We were confused by the organization of Figure 3. Panels A–D included validation of the negative control, panels E–F interrogated how the Metal3D training data and development of Metal3D-Clean, and panels H–J focused on the enzymes present in MAHOMES II. Altogether, these panels are a bit overwhelming. The figure could benefit from being split into two figures. The first might describe the negative control for probing the edges of the pareto front. The second could tie together approaches used to clean Metal3D training data and the subsequent training processes for Metal3D-Clean and Metal3D-Cat.
It is well known that ProteinMPNN and LigandMPNN have biases towards particular residue types. Were known biases, such as LigandMPNN’s propensity for acidic residues, considered when selecting objective functions to be optimized by dEVA? Perhaps the propensity of LigandMPNN to predict acidic residues could give rise to naturally emerging metal-binding sites that could improve Metal3D’s confidence.

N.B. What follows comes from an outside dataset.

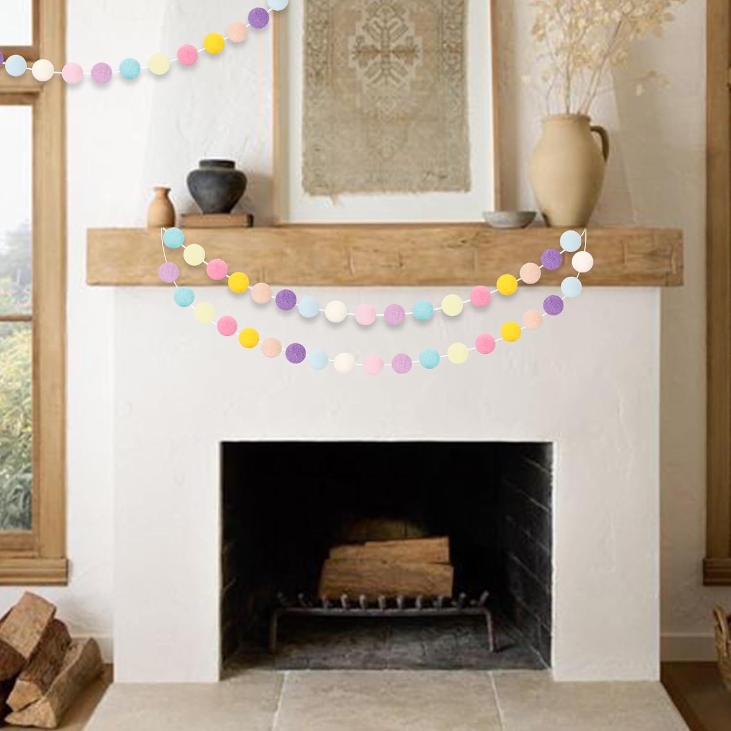 1.2″ Large Pastel Pom Pom Garland Hanging Easter Decorations Indoor Home Decor for Living Room Wall Classroom Christmas Tree, Cute Rainbow Colorful Felt Ball Garland Baby Shower Birthday Party Supplies
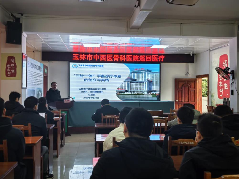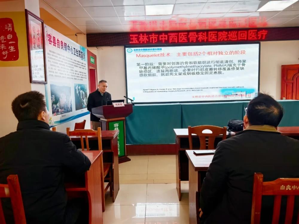 在学术讲座环节,专家们带来了紧密贴合基层需求的专题分享。韦进强副主任医师围绕《活络壮骨法联合Ilizarov外固定技术治疗胫骨骨折术后骨不连骨缺损的临床研究》开展适宜技术推广;庞家省主任讲解了《骨髓炎长段骨缺损的治疗》与《人工髋关节置换术后感染翻修》;杜俊毅主任分享了《“三针一体”平衡诊疗体系的创立与实践》。讲座内容深入浅出,实用性强,随后还进行了中医治疗操作教学展示,为基层医务人员拓宽了专业视野,输送了新技术、新理念。

We thoroughly enjoyed seeing how dEVA enabled the design of de novo metalloproteins and metalloenzymes. Given this tool’s potential for generalizability, what other design challenges could this be applied to, and what would the associated tools and objective functions be for these design challenges? This would be a nice addition to the discussion section.
The authors focus on zinc-based metalloenzymes. A discussion of why zinc is an ideal metal for this application and how it compares to other metals in enzymes would help orient non-enzymologists to the overall narrative.
Minor Points:
In Figure 1C, consider highlighting the residues interacting with the metal with a different color. Otherwise, they are a bit difficult to pick out.
Multiple acronyms are used without being fully written out or explained (i.e. mRMSD in Figure 2A, A335/A365 in Figure 2C, MRE in Figure 2D, E.C. in Figure 3I, etc.).
It was unclear what native protein truly contained the most similar metal-binding site to DesH2C2. In Figure 2A, the blow-out comparison shows the metal-binding site of 6VTX_A as the nearest neighbor, while Figure S5 indicates that the active 3SXX is the nearest neighbor. This discrepancy is confusing, and clarification on why these figures compare the metal-binding site of DesH2C2 to two different “nearest neighbors” should be addressed.
References for Figure 2 in the text are misaligned with the data. Thermal stability in the presence of zinc is attributed to 2C, even though the data are actually in 2D. Likewise, the Kd calculation is attributed to 2B when the data and competition assay are in 2C.
Figure 3E lacks a legend for the two bar colors.
The Figure S4 caption includes “a) AF2 structures (orange) predicted in single-sequence model.” However, there is no section “a” or orange structures in the panel.
Competing interests
The authors declare that they have no competing interests.
Use of Artificial Intelligence (AI)
The authors declare that they did not use generative AI to come up with new ideas for their review.